Jazz and Politics

Historically, jazz has established itself as the American music. Even today, much of American music pays its dues to this musical tradition.

Much of jazz music is primarily instrumental, yet despite the lack of words, jazz in the past has been marked for its political dimension. According to Louis Proyekt in his interesting essay on jazz and politics, jazz boomed in the US right at the cusp of the anti-war movement in the first half of the 20th century and the rise of the organized Left. Billie Holiday performed “Strange Fruit,” written by Abel Meerpol, a communist high-school teacher and member of the Communist Party, in New York during the 1930s as a denunciation of the lynchings of black slaves in South America.
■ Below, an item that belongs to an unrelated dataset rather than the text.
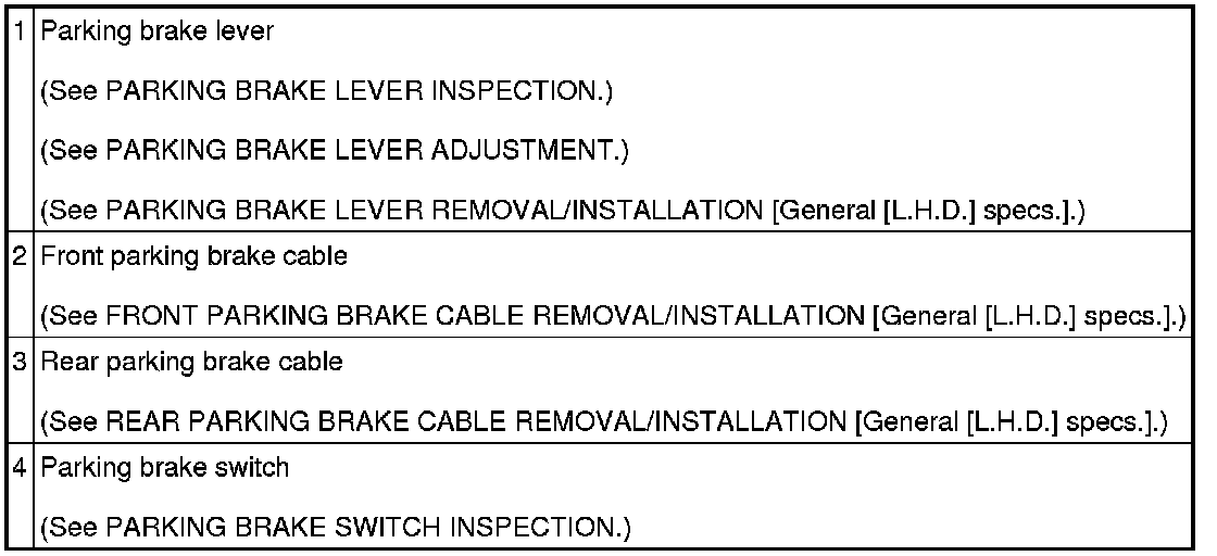 PARKING BRAKE SYSTEM LOCATION INDEX [General [L.H.D.] specs.]

Jazz transcended its status as ‘entertainment’ with the rise of bebop, the evolution of jazz which was defined for its fast improvisations and esoteric chord changes, as a way of asserting the blacks’ intellectual and artistic identities. It was meant to be difficult to play and even to listen to, but this self-imposed isolation was the black musicians’ way of breaking away from the mainstream of American entertainment which have long seen black people as mere entertainers, an offshoot of their long history of slavery. Bebop symbolized the passion and explosive energy of the black people who were immobilized not only be physical chains but also the racial stereotypes and the conditions of living which deprive poor and black people from having equal status to whites.

When bebop finally lost its momentum both as an artistic and as a political movement, free jazz emerged with the names of Ornette Coleman, Pharaoh Sanders, Cecil Taylor and a multitude of others. Free jazz rose from a dissatisfaction from the rigid structures and harmonies of bebop, and it aimed to break away from it by discarding all the established norms of proper music through doing away with harmony and rhythm. Moreover, it emphasized the collective nature of music, which breaks away from the the individualist ‘aura’ of earlier solo-based jazz. Coleman’s Free Jazz: A Collective Improvisation was met with ridicule for its abandonment of musical norms, but upon closer inspection, Free Jazz is far from chaotic. It captures a brief moment where individuals, freed from the direction of the composer, collectively create a musical consensus, through listening, responding and carrying out these little musical ‘agreements’ for the collective’s interests.

Free jazz was a very diverse movement composed of different artistic sensibilities, but they were all framed within the rise of the Black Power movement in the 1960s and the various anti-racist and anti-imperialist movements around the world. For instance, Sun Ra’s Afrofuturist philosophy has driven his life’s work, attempting to create an identity of almost mythic proportions through his songs promising a planet where all of the struggles in this world are all but tiny variations in a universal ‘song.’

Jazz’s political dimension stems from its improvisational musical aspect, since improvisation breaks away from the capitalist fetish for product. Improvisation highlights the process, the raw material of music where sound and music is seen as a single unit, where genres and structures are seen as mere symbols and planes from which ideas are launched, resisting the current of capitalist production by the assertion of the utterance as an utterance, not as a sound that can be multiplied and sold as reproductions of the same.